Large retailers like Walmart, Target, and Amazon mandate the 856 because their receiving model depends on it. Scan-and-receive against an accurate ASN lets a distribution center take in a trailer in minutes and push inventory live the moment it arrives. That speed only works if the data is right, so these programs back the requirement with chargebacks.
Common ASN violations that trigger a deduction include transmitting the 856 after the shipment already arrived, a missing or mismatched SSCC in the MAN segment, item quantities in the ASN that do not match what is physically in the carton, and a PO number that is not open in the retailer's system. Penalties commonly run from a few dollars per carton to a percentage of the invoice, and for a high-volume vendor they add up fast. The ASN also feeds the receiving record, so an accurate one flows straight into the goods receipt and makes the downstream 3-way match clean instead of an exception queue.
Not every vendor is EDI capable. Smaller suppliers often send a packing list or ship notice as a PDF or an emailed document instead of an 856, which leaves the buyer to key that shipment data in by hand before it can be matched. The efficient path there is to turn those documents into structured data automatically, so a PDF ship notice or purchase order becomes the same clean, line-level fields an EDI feed would have produced. That keeps non-EDI vendors from becoming the slow lane in receiving, and it is the same problem this tool solves for purchase orders: upload a PO above and the header and line items come back as Excel, CSV, or JSON ready to reconcile.
An EDI 850 is the purchase order the buyer sends to place an order. An EDI 856 is the advance ship notice the supplier sends back once those goods ship, detailing what is on the way and how it is packed. The 850 starts the transaction; the 856 reports the physical shipment against it.
An ASN should be transmitted after the shipment physically leaves the supplier but before it reaches the buyer, usually within a short window such as one hour of the truck departing. Sending it after arrival defeats its purpose and, with most large retailers, triggers an automatic chargeback for a late ASN.
An SSCC is a Serial Shipping Container Code, an 18-digit number that uniquely identifies a single carton or pallet.

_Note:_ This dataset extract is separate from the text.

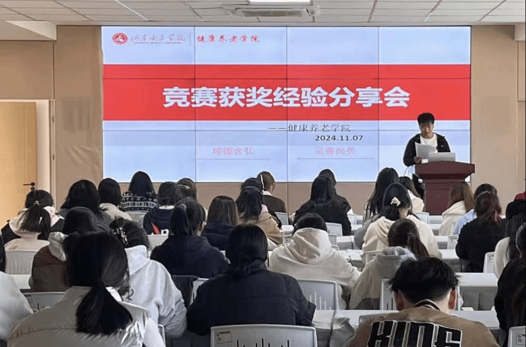 活动伊始,社会与法学院(健康养老学院)团总支书记张扬发表讲话,介绍了未来各项竞赛赛程、学院赛事规划和各项训练营,鼓励健康养老学院的同学们积极参与各项竞赛,不断题升自身素养,争取在赛事中取得好成绩,实现健康养老学院新突破。本次活动荣幸邀请到我院获得第十四届“挑战者杯”山东省大学生创业计划竞赛金奖的宋军熹及第二届全国大学生职业规划大赛山东赛区获奖者徐雪琪作为主讲嘉宾。宋军熹、徐雪琪从备赛策略、团队协作、作品构思与展示等多个方面进行了详细的讲解。他们不仅介绍了自己备赛过程中的经验教训,还深入剖析了竞赛中常见的难点与痛点,并给出了切实可行的解决方案。通过此次分享会,学生们不仅了解了竞赛的基本流程和关键环节,还掌握了更多实用的参赛技巧和方法。

It is printed as a GS1-128 barcode on the shipping label and carried in the ASN's MAN segment, so scanning the label lets the receiver match the physical carton to the electronic notice in one step.
They carry similar information, but an ASN is the electronic, structured version sent by EDI ahead of delivery, while a packing slip is the paper document inside or on the box. Retailers that mandate the 856 need the electronic advance notice specifically, because their automated receiving cannot scan a paper slip into the system before the truck arrives.
The most common causes are a late ASN sent after the goods arrived, a missing or mismatched SSCC carton label, quantities in the notice that do not match the physical contents, and a referenced PO that is not open in the retailer's system. Each breaks the retailer's scan-and-receive flow, which is why the deduction is automatic.